(Task instructions):
From the listing below, output the lines between the one with "白银价格收盘显示看跌的形态,触及23.9" and the one with "Medallion Oriental Cut", including those two, and nothing else. Pictures are not copied.

(Records provided):
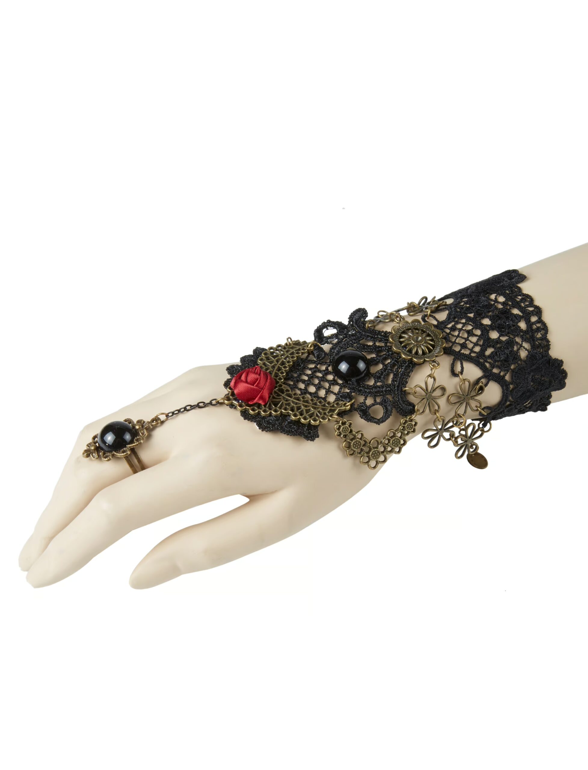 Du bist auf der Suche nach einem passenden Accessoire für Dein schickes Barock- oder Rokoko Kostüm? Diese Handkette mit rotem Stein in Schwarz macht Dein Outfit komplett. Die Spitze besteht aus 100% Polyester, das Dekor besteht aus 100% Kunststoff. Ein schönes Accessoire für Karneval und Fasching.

* * *

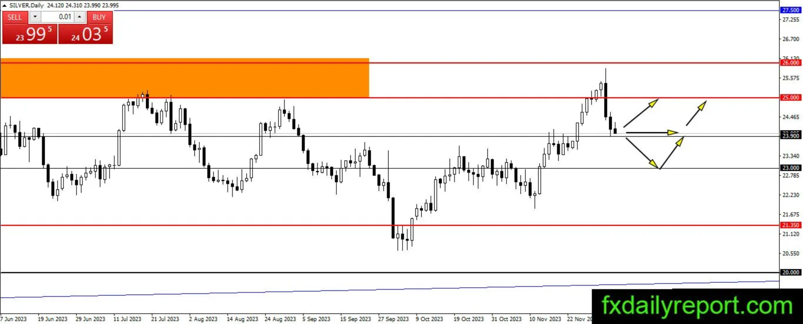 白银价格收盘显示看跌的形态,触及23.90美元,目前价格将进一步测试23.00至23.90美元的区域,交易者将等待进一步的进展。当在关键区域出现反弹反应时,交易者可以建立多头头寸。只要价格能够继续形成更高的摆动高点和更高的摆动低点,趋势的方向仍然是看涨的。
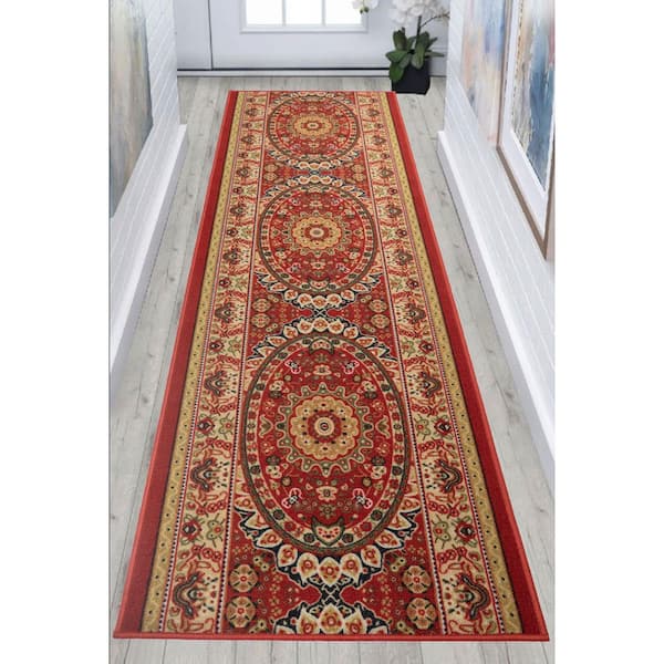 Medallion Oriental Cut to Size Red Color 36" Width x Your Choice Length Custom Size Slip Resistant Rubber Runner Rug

---

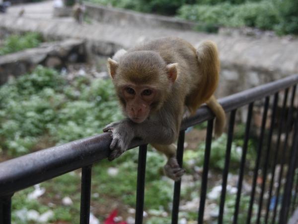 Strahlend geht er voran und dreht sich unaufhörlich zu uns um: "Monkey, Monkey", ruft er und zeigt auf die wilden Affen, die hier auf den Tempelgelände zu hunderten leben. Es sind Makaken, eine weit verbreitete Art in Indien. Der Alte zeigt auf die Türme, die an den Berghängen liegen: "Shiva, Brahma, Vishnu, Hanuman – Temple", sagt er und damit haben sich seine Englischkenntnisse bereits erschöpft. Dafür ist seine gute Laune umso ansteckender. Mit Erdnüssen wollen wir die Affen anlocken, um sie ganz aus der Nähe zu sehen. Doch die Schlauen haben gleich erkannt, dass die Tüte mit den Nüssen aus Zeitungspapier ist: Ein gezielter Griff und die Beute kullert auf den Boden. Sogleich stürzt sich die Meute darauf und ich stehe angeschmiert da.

(Your solution):
 白银价格收盘显示看跌的形态,触及23.90美元,目前价格将进一步测试23.00至23.90美元的区域,交易者将等待进一步的进展。当在关键区域出现反弹反应时,交易者可以建立多头头寸。只要价格能够继续形成更高的摆动高点和更高的摆动低点,趋势的方向仍然是看涨的。
 Medallion Oriental Cut to Size Red Color 36" Width x Your Choice Length Custom Size Slip Resistant Rubber Runner Rug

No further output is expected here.